8- Si tu gardes une femme pendant une semaine, elle devient ta femme. C’est avec le sourire aux lèvres que je m’en vais vous présenter cette sélection que j’imagine les féministes ne vont pas beaucoup aimer mais bon je me lance.   Dans mon village il existe ce que l’on appelle le/la pira. En français sa pourrait se traduire littéralement par « voler une fille ». Quand deux jeunes personnes s’aiment et que l’une de leurs familles est contre la relation, il suffit à ce garçon de «  kidnapper » la fille en question, et de ‘disparaitre’ plus d’une semaine avec elle. A leur réapparition, la famille de la jeune fille ira juste réclamer la dote au garçon et à sa famille parce qu’ils sont considérés comme étant mariés, puisqu’on estime que l’union a déjà été consommé.

9- Interdit de marcher seul la nuit car les mauvais esprits rôdent la nuit.
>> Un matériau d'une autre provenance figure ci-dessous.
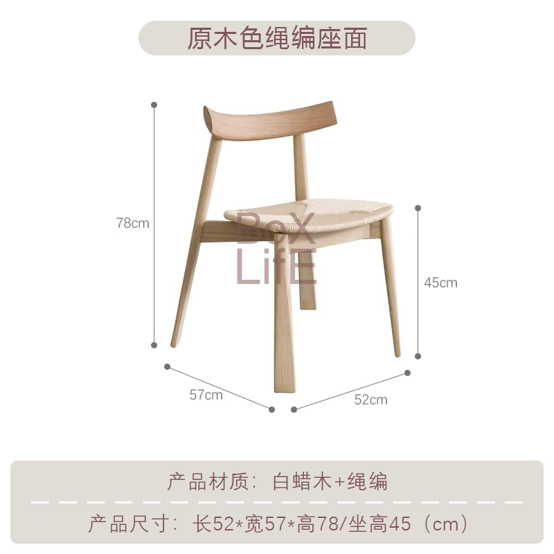| nameOriginal | Box Life Nordic Paddle Chair Designer Creative Solid Wood Dining Chair Hotel Home Personalized Single Chair Rope |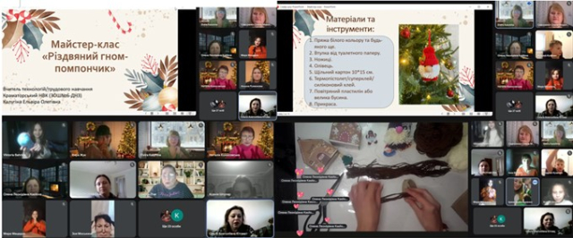 Онлайн-майстерку з виготовлення «Різдвяного гнома-помпончика» провела Ельвіра Калугіна, учителька технологій / трудового навчання Краматорського навчально-виховного комплексу «Загальноосвітня школа І–ІІІ ступенів №6 – дошкільний навчальний заклад Краматорської міської ради». Учасникам заходу, зокрема учням, вихованцям шкільного гуртка з технологій «Творча майстерня», презентовано покроковий процес створення Різдвяного гнома з доступних для всіх матеріалів.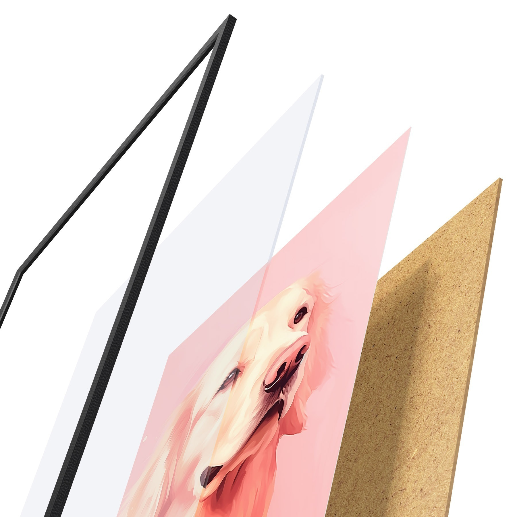 L’affiche encadrée est composée d’un cadre, d’un plexiglas, d’une image imprimée et d’un support en aggloméré. Elle est prête à être accrochée au mur grâce aux fixations situées à l’arrière.
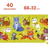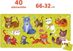 A CzuCzu bájos, cicás puzzle-je örömet szerez az állatokat kedvelő, 3 évesnél idősebb gyerekeknek. A készlet 40 strapabíró darabot tartalmaz, amelyekből 66 × 32 cm méretű kép állítható össze. A kirakás közben a gyerekek természetes módon fejlesztik a finommotorikát, a koncentrációt és a figyelmet, miközben megismerik a színeket és formákat is.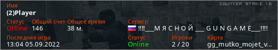 Играет на Counter Strike 1.6 сервере. Страна: РоссияПервый раз замечен 12:29 05.09.2022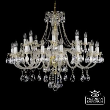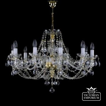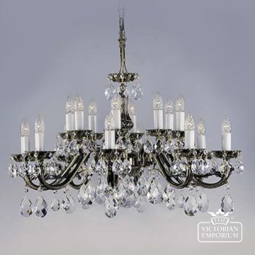The crystal trimmings on our chandeliers are as follows: Exclusive Bohemian Crystal (Czech republic 30%PbO). The machine cut trimmings are characteristic with a brilliant polish and decompose the light beams in a light spectrum. Preciosa crystal (Czech republic 30%PbO).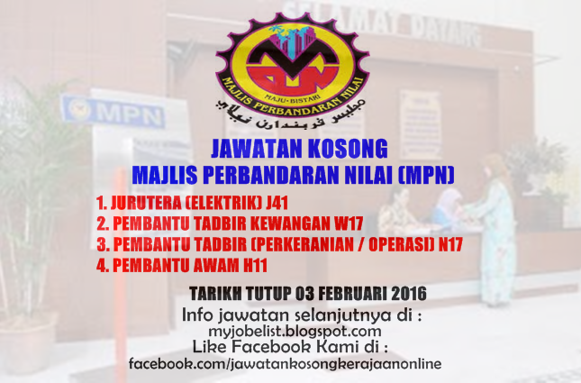 Jawatan kosong majlis perbandaran nilai. Untuk memohon sila ikut langkah seperti di bawah. Tercatat dalam bulan sep 2020 iklan jawatan kosong kilang di nilai 3 terkini 2018 ini lebih dari 1000 orang mencari infonya.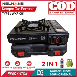 Welhome WKP-001 Kompor Gas Portable Camping 2 Fungsi Bisa Gas Kaleng & Gas LPG 3kg Kompor Gas Portable Serbaguna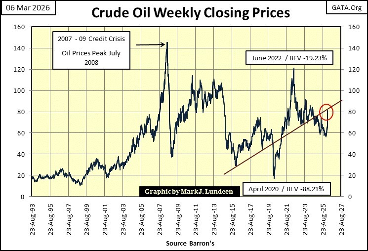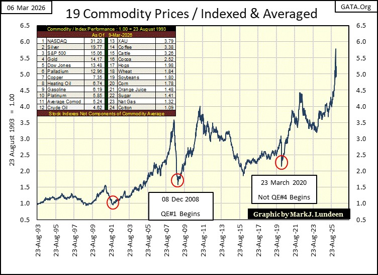 I keep a file for weekly closing prices for some commodities, as seen in chart below. I indexed these commodities to 1.00 = 23 August 1993, then average these weekly indexed values, from August 1993 to this week’s close. This commodity price average, does not include the stock averages seen in the chart’s table. At this week’s Thursday’s close, the average for these commodities (#11 in the table), was up by a factor of 5.24, since August 1993.

Selon des croyances locales, il est très dangereux de marcher seul tard le soir, car c’est le moment où les sorciers et autres esprits mauvais lâchent leur tchik-chikna (des sortes d’oiseaux nocturnes sous formes d’hiboux, chauve-souris ou lumières clignotantes) qui peuvent absorber les âmes. Ils influencent la communauté en y semant la panique et en instiguant la crainte. Pour ceux des plus rationnels, c’est un moyen de contrôler la communauté.

10- Quand un Muygoy meurt, il devient un éléphant. Beaucoup affirment que les Muygoys (mon clan) se transformeraient en éléphants à leur mort. Du coup, les éléphants reçoivent des égards spéciaux car beaucoup pensent que ce sont les ancêtres revenus parmi nous sous une autre forme.

Certaines de ces coutumes et croyances  sont elles aussi communes à votre peuple ? Quelle est la superstition ou la croyance la plus étrange de votre peuple ? N’hésitez pas à partager les belles histoires de chez vous avec nous en commentaire.